(Stored items)
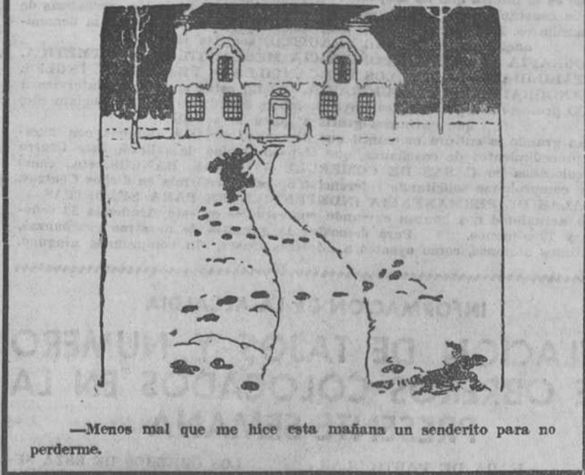
—Menos mal que me hice esta mañana un senderito para no perderme.
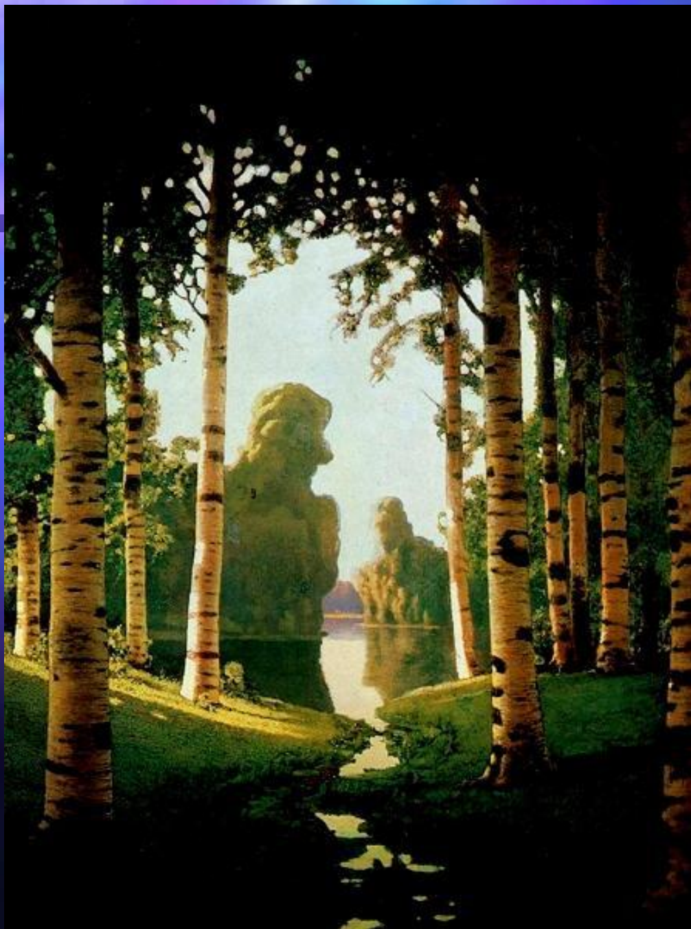
Куинджи А.И. Березовая роща. 1879 г.
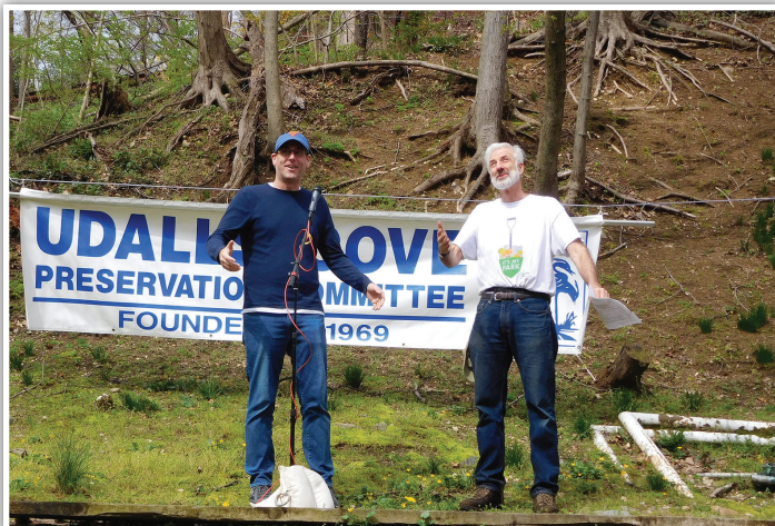
브라운스틴 주 하원의원이 49주년 유달 만 보존 위원회 연례회의 및 습지 정화 사업에 참석.
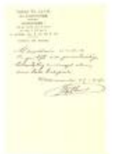
Verzoek huisarts (ERF010511-073)
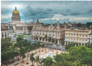
La Havane 📍
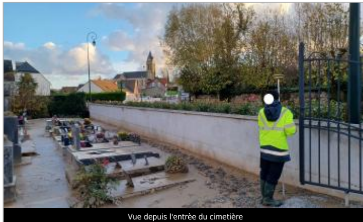
Vue depuis l'entrée du cimetière
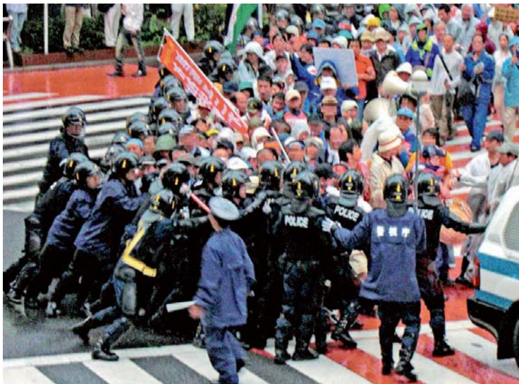
「全国労働者総決起集会」開催時のデモ(6月、東京)

また、北海道洞爺湖サミットへの反対行動を二〇年上半期の最大闘争と位置付け、五月二九日、法政大学構内に全国の学生活動家ら約五〇人を動員して集会、デモに取り組みましたが、警察は、活動家ら三三人を建造物侵入罪等で逮捕しました。さらに、党中央は「渋谷で大暴動を起こそう」などと訴え、六
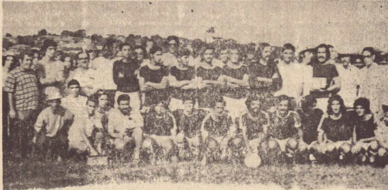
Na foto acima, vê-se o esquadrão da Faculdade de Economia que sagrou-se vencedor do campeonato amador da cidade, promovido pela Liga Prudentina de Futebol, vindo-se os heróis da batalha final, ladeados por dirigentes e aficionados aparecendo a equi peda Rádio Comercial e do Jornal "O IMPARCIAL".
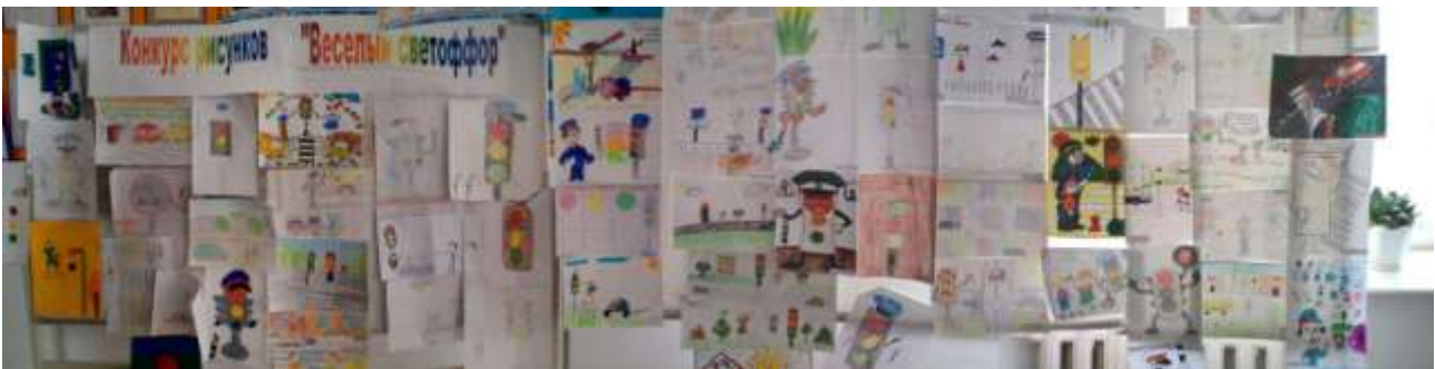
Конкурс рисунков «Веселый светофор», 2020
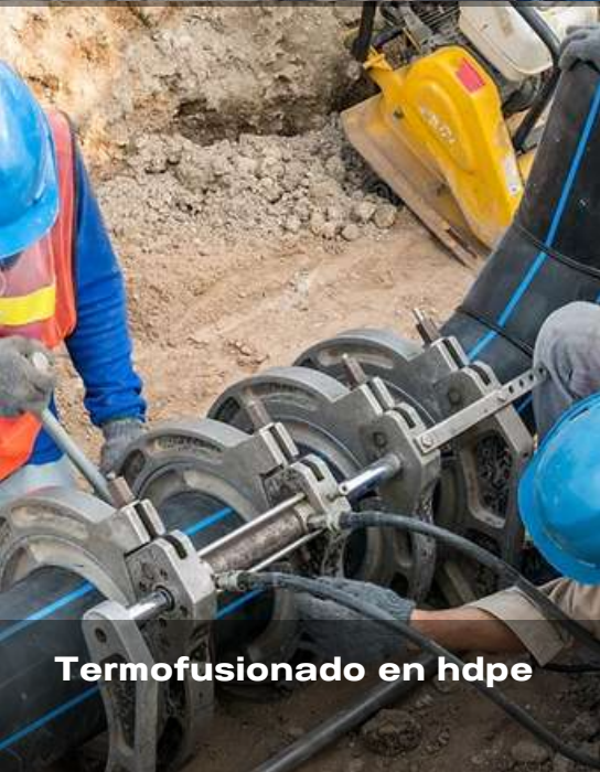
Termofusionado en hdpe
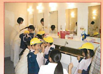
幼児歯科衛生教育実習
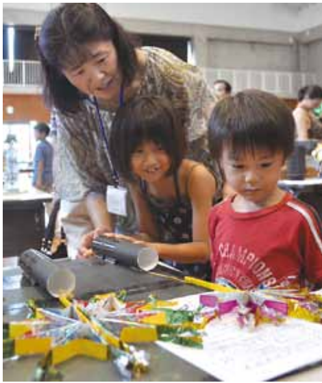
1年生の作品。ゴム力で火花が飛び出します

冷熱体験では、子どもたちが液体窒素の中に風船やゴムボールを入れ、どのような変化があるのか確認したり、凍らせたバナナで釘を打ったりしました。普段は見ることのできないマイナス196℃の世界を間近で体験した子どもたちは、驚きの連続。実験のたびに歓声が上がり、大興奮の様子でした。
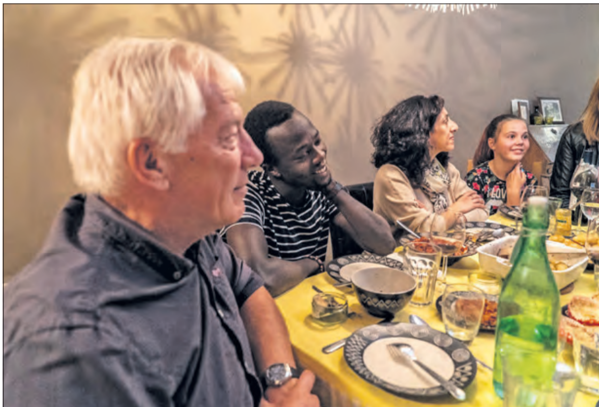
Aanschuiven via Eet mee leidt tot gezellige ontmoetingen.

als gast en bij iemand aanschuiven. Aanmelden kan tot 15 december via tel. 030 2213498 of www.eetmee.nl .
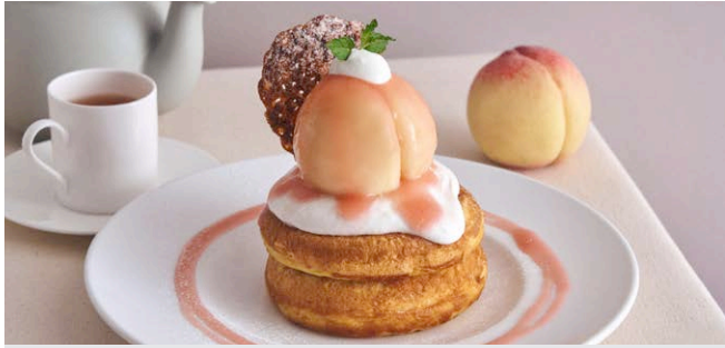
まるごと“岡山白桃”とミルククリームのパンケーキ

1,750 (税込 1,925) drink set 2,350 (税込 2,585)
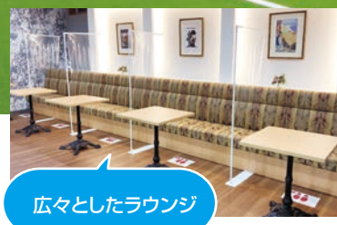
広々としたラウンジ

クッション性を重視した足腰に優しい屋内専用高密度人工芝コート、1面600㎡以上、天井高10m(姪浜駅前校を除く)有しており、十分なコートの空間(広さ・高さ)でプレーができます。
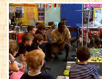
Център за култура и дебат "ЧЕРВЕНАТА КЪЩА" ЗАЛА "ПЕША НИКОЛОВА", ЕТ. 2 „Любен Каравелов“ 15
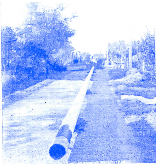
Радови на гaфикационој мрежи

ПОШТОВАНО ГРАЂАНИ, БУДИТЕ УВЕРЕНИ ДА ЋЕМО, УКОЛИКО СЕ НЕ ИЗБОРИМО ЗА ОВЕ ЦИЉЕВЕ У НАРОДНОМ ПЕРИОДУ, ПРЕИСПИТАТИ НАШЕ ДАЉЕ УЧЕШЋЕ У ФОРМИРАНОЈ ПРОГРАМСКОЈ КОАЛИЦИЈИ, ИЛИ ЋЕМО БИТИ ЈОШ БОЉИ ИЛИ СРПСКИ РАДИКАЛИ НЕЋЕ УЧЕСТВОВАТИ У ОПШТИНСКОЈ ВЛАСТИ
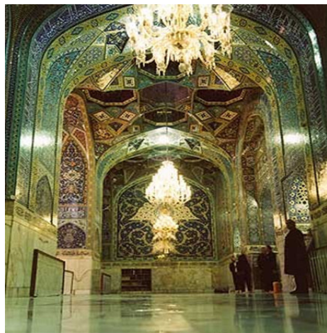
تصویر ۲. رواق دارالفیض، به سمت در ورودی به حرم مطهر

در حاشیه در ورودی به حرم مطهر، آیه هفتم سوره واقعه با مضمون نیکو حال بودن اصحاب یمین، در بالای طاق در کوچک به طرف حرم، آیه ۱۹۷ سوره بقره با مضمون برتری تقوا و خداترس بودن و در دیوار جنوبی این رواق، آیه ۲۸۵ سوره بقره با مضمون ایمان داشتن به خدا و پیامبر، در بدنه دیوار وسط طرف راست، آیه ۴۵ سوره حجر با مضمون پاداش اهل تقوی و در طرف چپ، آیه ۳۳ سوره ق با مضمون خاشع بودن در مقابل خداوند، مزین شده است (تصویر ۲).
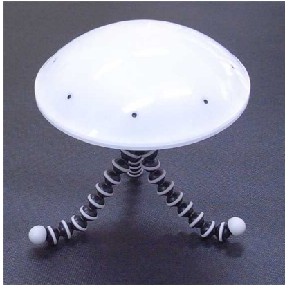
図 2 無線型音源定位装置

認知活動介入支援システムとして、発話量と笑顔度に基づいて、話者交代を支援するシステムを開発した(論文 3)。発話量のばらつきをモニタリングしながら、参加者全体の笑顔度が下がったタイミングで、発話量が多い参加者の発話を抑制し、発話量が少ない参加者に発話を促すことで、会話の盛り上がりを損なわずに、発話量のバランスを取ることに成功した。この他、企業と共同で、発話量計測を非接触で行うことができる無線型音源定位装置(図 2、プレスリリース 2)や、会話支援ロボット(図 3)を開発することに成功した。
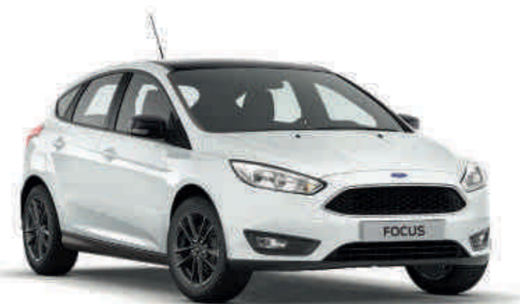
White & Black

Ford Focus может похвастаться не только элегантным дизайном, но и впечатляющим уровнем технологического оснащения, а также богатым выбором силовых агрегатов.
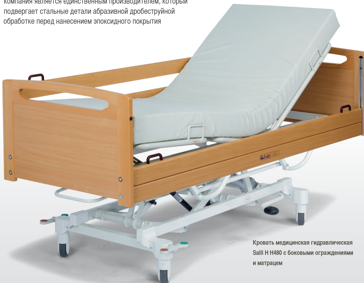
Кровать медицинская гидравлическая Salli H H480 с боковыми ограждениями и матрасом

“Серия надежных и функциональных гидравлических кроватей.”
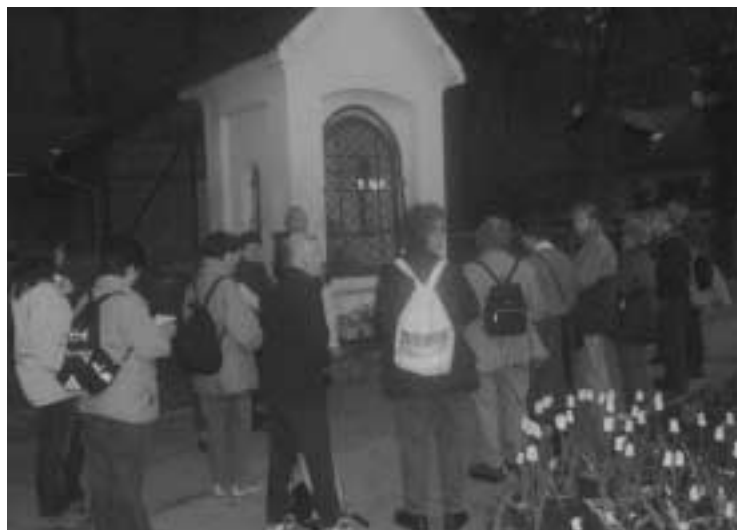
Die Wallfahrer vor dem Mariazeller Kreuz

"Mit Kummer und Sorgen beladen, doch auch mit vertrauendem Sinn, so zieh'n wir zum Bilde der Gnaden die Pfade der Buße dahin. O führe die Blinden, damit sie im Himmelreich dich finden!"
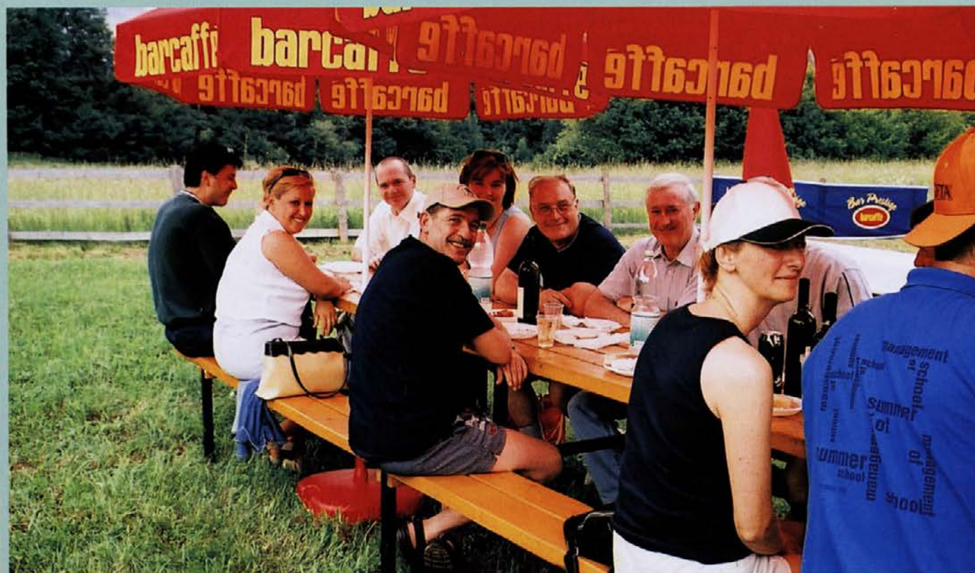
Še tako resna stvar ima tudi svojo veselo plat...
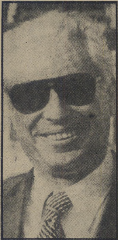
לפני הנפילה פנים זוהרות, חיוך של הצלחה, הופעה של מנצח. הגאון הפיננסי של ישראל, הבטוח שהכל מותר.
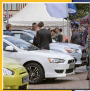
Autos warten auf Gewinner
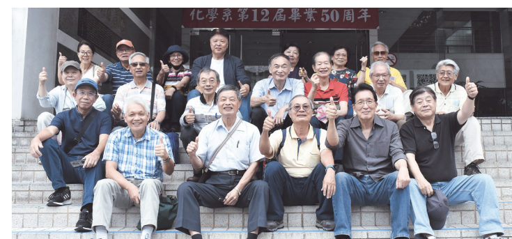
化學系第12屆50週年同學會合影

的回忆。影片結束後進行生活點滴與人生體驗分享，其中一位學長說他的分享很是符合約法三章的一不誇才，二不炫富，登時了解這是他們能夠維繫長久友誼的因素之一吧！
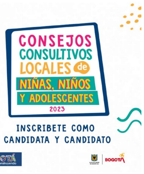
Fotografía 8. Pieza publicitaria para participar en el proceso eleccionario de los CCLONNA (2023-2025).
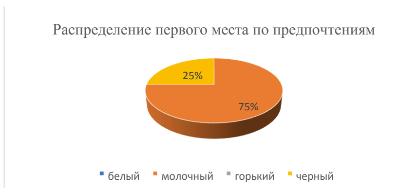
Рисунок 3. Пример оформления результатов анкетного опроса

Далее мы строим диаграмму по первому месту, его у нас присвоили 4 раза – это и есть 100 %, молочный шоколад на первое место поставили 3 человека, значит его доля =3:4=75\%

• Assignment: In the records above, find each line with the string "ورودی" and list it.

• Result for this task:
تصویر ۲. رواق دارالفیض، به سمت در ورودی به حرم مطهر
در حاشیه در ورودی به حرم مطهر، آیه هفتم سوره واقعه با مضمون نیکو حال بودن اصحاب یمین، در بالای طاق در کوچک به طرف حرم، آیه ۱۹۷ سوره بقره با مضمون برتری تقوا و خداترس بودن و در دیوار جنوبی این رواق، آیه ۲۸۵ سوره بقره با مضمون ایمان داشتن به خدا و پیامبر، در بدنه دیوار وسط طرف راست، آیه ۴۵ سوره حجر با مضمون پاداش اهل تقوی و در طرف چپ، آیه ۳۳ سوره ق با مضمون خاشع بودن در مقابل خداوند، مزین شده است (تصویر ۲).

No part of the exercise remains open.